When the listing below reaches the line that has "Introducing a charming", start reproducing exactly; stop after the line that has "먼저 네이버에 대법원", and drop the pictures.

(THE DATA)

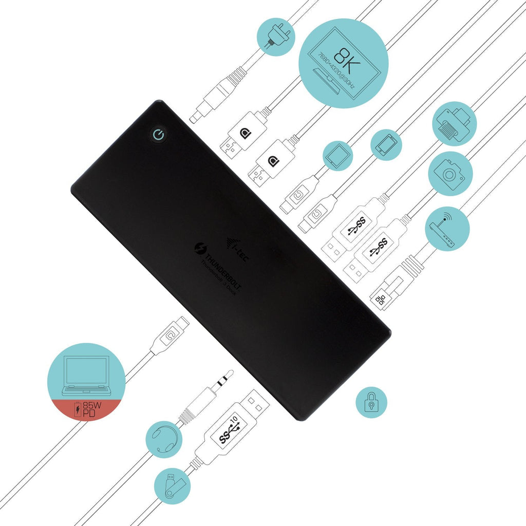 i-tec TB3CDUALDPDOCKPD base para portátil y replicador de puertos Alámbrico Negro
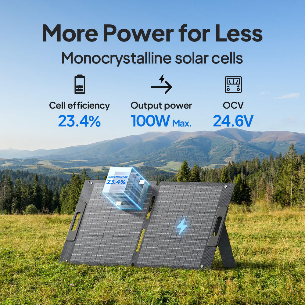 - [High Cell Efficiency] - Built with monocrystalline solar cells, portable 100W solar panel can convert up to 23.4% of sunlight into usable electricity, giving you solar energy even in bad weather.
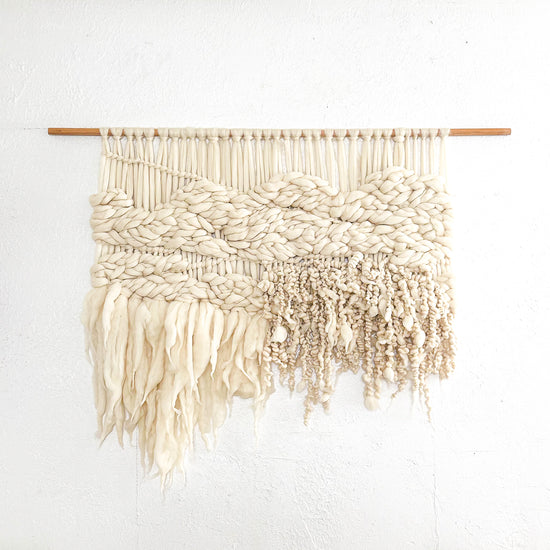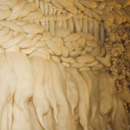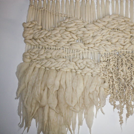 Trudy Perry's soft sculptures are the perfect way to bring warmth to a room. We like them placed above a bed to give it an extra inviting and cozy feel. The wool roving softens any wall and brings texture and personality to a space.
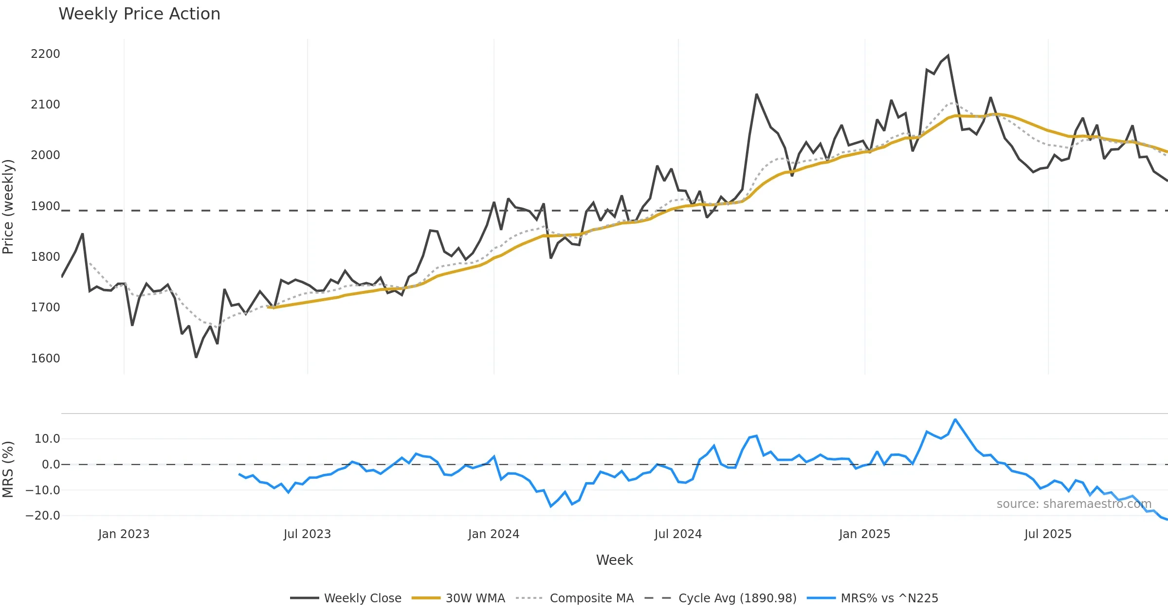 Mansfield RS vs ^N225 is negative and weakening. — Avoid unless a reversal forms.
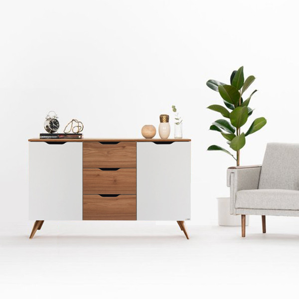 کنسول مدل آلدو، وسیلهای مدرن و زیبا برای کاربرد بخشیدن به فضای خالی خانه یا محل کار شما است. امروزه در طراحی وسایل خانه، به دلیل کوچکتر شدن محل زندگی و کار انسانها، علاوه بر ظرافت و شیک بودن، جنبهی کارآمدی و جادار بودن اثاثیه نیز مورد ملاحظه قرار میگیرد. طراحی این محصول به گونهای است که میتوان آن را در هر موقعیت مکانی استفاده کرد. در تولید این کنسول با طراحی میمنیمال و مدرن، سعی شده تا وسیلهی خوبی برای قرار گرفتن و جا دادن وسایل تزئینی و کاربردی شما ارائه شود. بدنهی این کنسول از چوب باکیفیتی ساخته شده است که به راحتی میتواند با دیگر اسباب محل زندگی یا کار شما، ست شود. این محصول دارای دو در و سه کشو است که میتوان وسایل زیادی را در آنها قرار داد و به راحتی دوباره از آنها استفاده کرد. این کنسول انتخابی مطمئن و امن برای افی است که کیفیت، کارایی و زیبایی ظاهری برای آنها به یک اندازه اهمیت دارد.
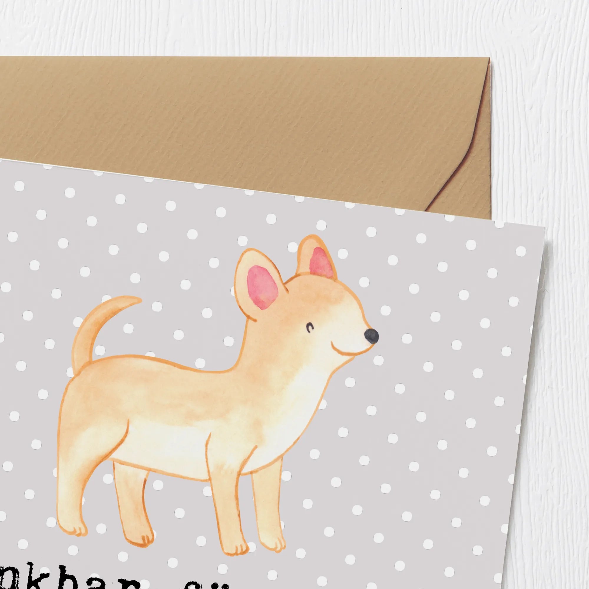 Karta Deluxe Chihuahua chwila - z napisem - Pastelowy szary
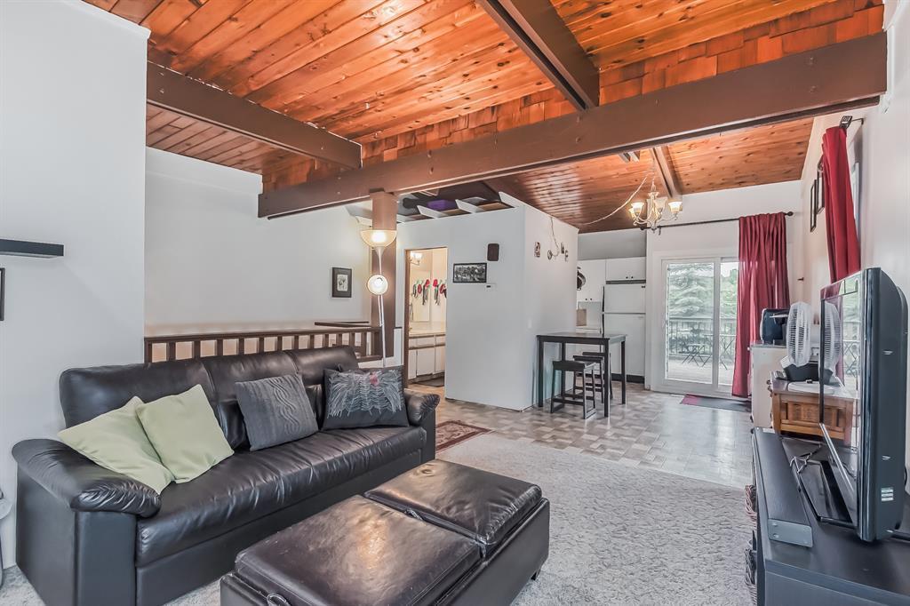 Introducing a charming semi-detached home nestled in the desirable neighborhood of Braeside. This delightful residence showcases rustic charm, highlighted by its captivating open beam wood ceiling. Step inside and be greeted by a welcoming ambiance that exudes comfort and character. The main living area features an open floor plan, allowing for seamless flow between the living room, dining area, kitchen, and backyard patio. This home offers two bedrooms, providing ample space for relaxation and rest. The bedrooms are cozy and inviting, each offering a tranquil retreat at the end of a long day. The shared 4-piece bathroom has plenty of cabinets and room to upgrade the vanity to dual sinks if you choose. Stepping out the back, you will discover the extended deck where you can enjoy summer BBQs. The backyard common space is plenty and taken care of by management so you can spend your free time relaxing. Your assigned parking stall is steps to your front door and plenty of visitor parking in and around the complex. Some upgrades over the past years include newer windows, patio door, front door, deck, tub/shower, and more. This home offers convenience and a strong sense of community. Enjoy easy access to local amenities, parks, schools, and shopping centers, ensuring all your daily needs are within reach. Do not miss the opportunity to make this captivating semi-detached home yours and with a few personal touches the unique charm will be appreciated. Schedule a viewing today and let this property inspire your next chapter whether it is for yourself or an income property. (id:22211)
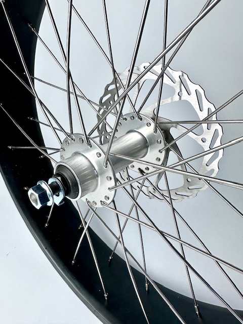 Produktinformationen "204 Vorderrad 20 x 4 - 80 mm breit, alufarbene Nabe mit Bremsscheibe"
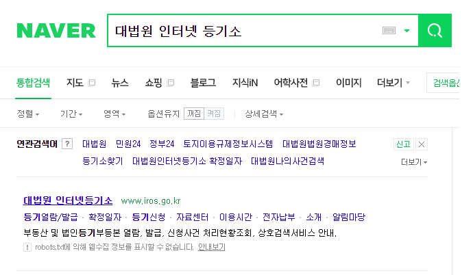 먼저 네이버에 대법원 인터넷 등기소를 검색합니다. 또는 주소는 www.iros.go.kr입니다.
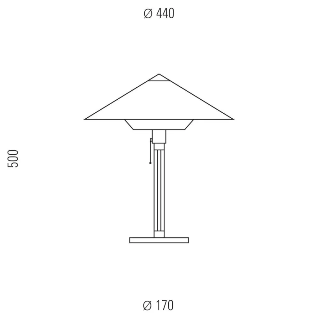 Die Wagenfeld WG 28 Tischleuchte hat eine Höhe von 50cm. Der Durchmesser ihres Schirmes beträgt 44cm, jener des Fußes 17cm. Ihr Kabel hat eine Länge von 250cm. Die Leuchte wiegt 2,2kg und benötigt ein Leuchtmittel mit E27-Fassung. Neben der Wagenfeld WG 28 Tischleuchte stehen weitere Modelle in unterschiedlichen Formen und Größen zur Auswahl. Jede Leuchte ist fortlaufend nummeriert und trägt das Signet TECNOLUMEN.
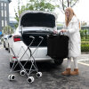 ● Foldable Design for Space Saving: With simple operation, you can fold this grocery cart into a compact size. The folded cart fits into any tight spaces. When you're not using it, leave it in any corner of your home. In addition, the shopping cart is lightweight and can be easily carried when going out and taken to your car trunk.
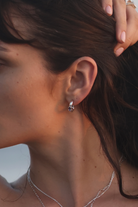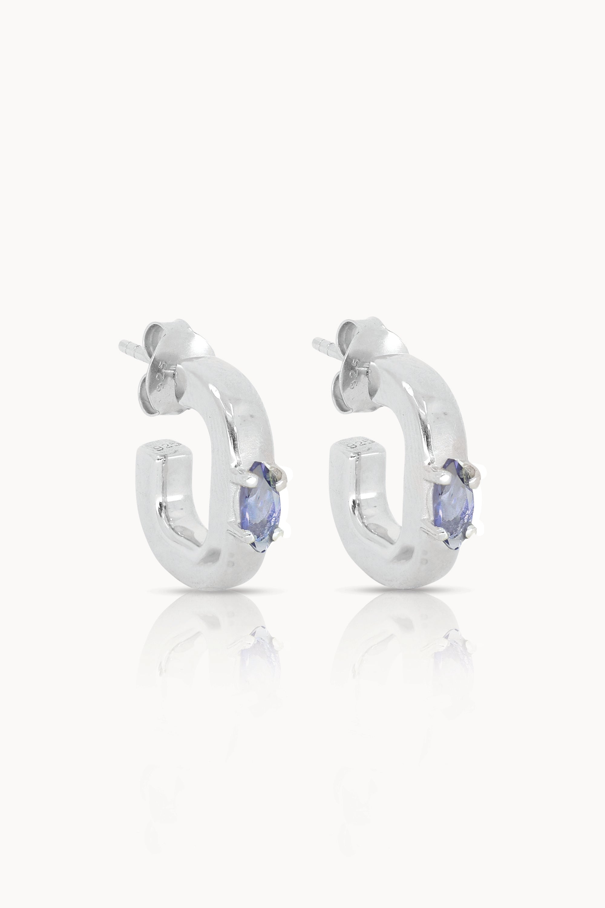 The Elodie Hoops are a curved thick oval hoop with baby marquise stone claw set into the very front of the hoop. They are a high polished hoop with stud backing.
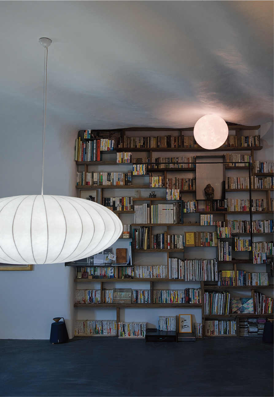 そうしてこだわりが詰まった空間には、既製品がない。「若山さんが一言『既製品は嫌だね』と。それは僕も同意だったので、すべて僕がつくるか、あるいは特注にしました。例えば天井から吊るされた照明は柔らかな曲線からできています。軽い鉄板で構成された本棚も、軽く浮いた感じを大切にしています。どれもこの空間のためにあります」。

(End THE DATA)

WRITTEN REPLY
 Introducing a charming semi-detached home nestled in the desirable neighborhood of Braeside. This delightful residence showcases rustic charm, highlighted by its captivating open beam wood ceiling. Step inside and be greeted by a welcoming ambiance that exudes comfort and character. The main living area features an open floor plan, allowing for seamless flow between the living room, dining area, kitchen, and backyard patio. This home offers two bedrooms, providing ample space for relaxation and rest. The bedrooms are cozy and inviting, each offering a tranquil retreat at the end of a long day. The shared 4-piece bathroom has plenty of cabinets and room to upgrade the vanity to dual sinks if you choose. Stepping out the back, you will discover the extended deck where you can enjoy summer BBQs. The backyard common space is plenty and taken care of by management so you can spend your free time relaxing. Your assigned parking stall is steps to your front door and plenty of visitor parking in and around the complex. Some upgrades over the past years include newer windows, patio door, front door, deck, tub/shower, and more. This home offers convenience and a strong sense of community. Enjoy easy access to local amenities, parks, schools, and shopping centers, ensuring all your daily needs are within reach. Do not miss the opportunity to make this captivating semi-detached home yours and with a few personal touches the unique charm will be appreciated. Schedule a viewing today and let this property inspire your next chapter whether it is for yourself or an income property. (id:22211)
 Produktinformationen "204 Vorderrad 20 x 4 - 80 mm breit, alufarbene Nabe mit Bremsscheibe"
 먼저 네이버에 대법원 인터넷 등기소를 검색합니다. 또는 주소는 www.iros.go.kr입니다.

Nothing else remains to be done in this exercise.